If You Look Before You Leap, Why Not Think Before You Speak?

“You might want to think before you say certain things,” I once ‘counseled’ an individual who routinely offended and hurt employees and others via insensitive and unprofessional discourse. The person, in turn, looked at me with disdain and retorted: “I don’t think you are in any position to tell me what to say or think.”
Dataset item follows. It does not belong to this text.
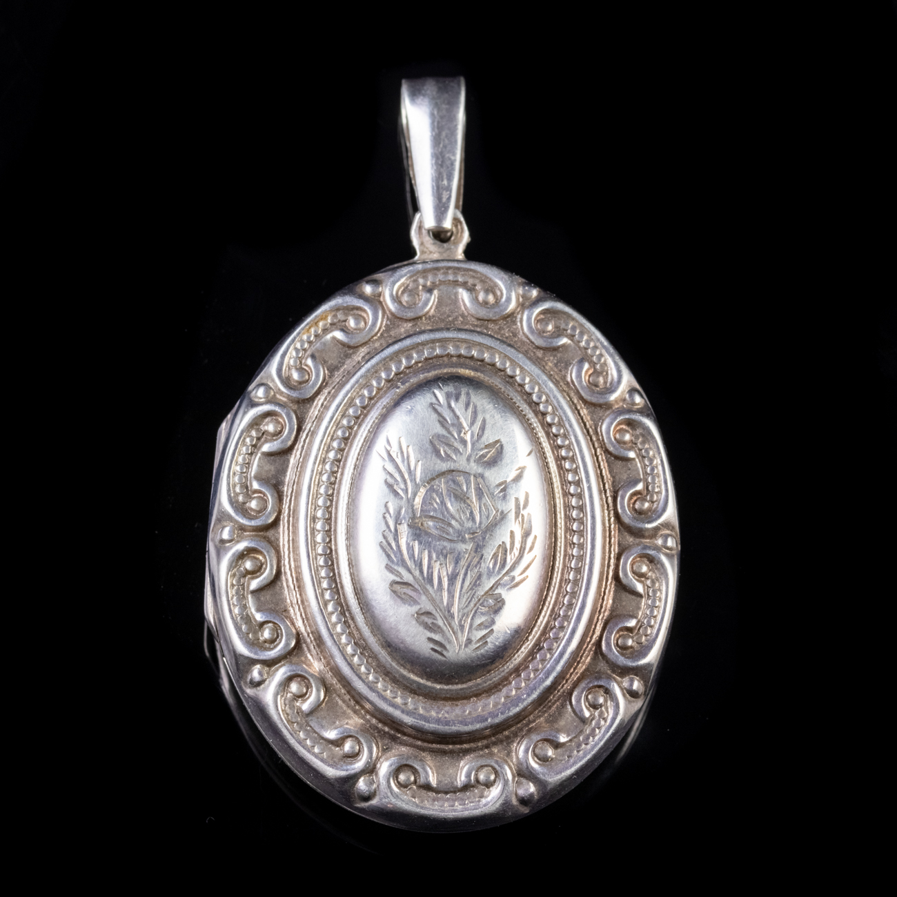 Antique Victorian Floral Locket Sterling Silver c.1880

Watching Mayor Kilpatrick interviewed on T.V. this week I imagined my conversation being replayed between the mayor and his revolving door cast of press secretaries. Have any of them ever been able to adequately counsel the mayor in this regard? Fresh on the heels of the “text mess” here he was spending more taxpayer dollars appealing to the Michigan Supreme Court while telling the media that City Council displeasure with his actions was about “politics” and that “life would go on.” Easy for him to say—and his lackadaisical demeanor while delivering the words did, indeed, suggest to viewers (inappropriately I might add) that he was at ease with this position.
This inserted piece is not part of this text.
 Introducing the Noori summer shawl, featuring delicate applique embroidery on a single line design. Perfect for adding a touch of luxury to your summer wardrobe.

Call it ego. Call it a “power trip.” I call it shortsighted. Whether in a setting that is public or private, whether uttered by a person that is a public official or head of a private company, when you don’t think before you speak and, further, are unwilling to consider input from those trained and in a position to provide it, you are setting yourself up to fail.

Think about it. All of us remember idiotic or inappropriate words and comments, whether directed at us individually or the masses. Sure, we may forgive—maybe. But we never forget.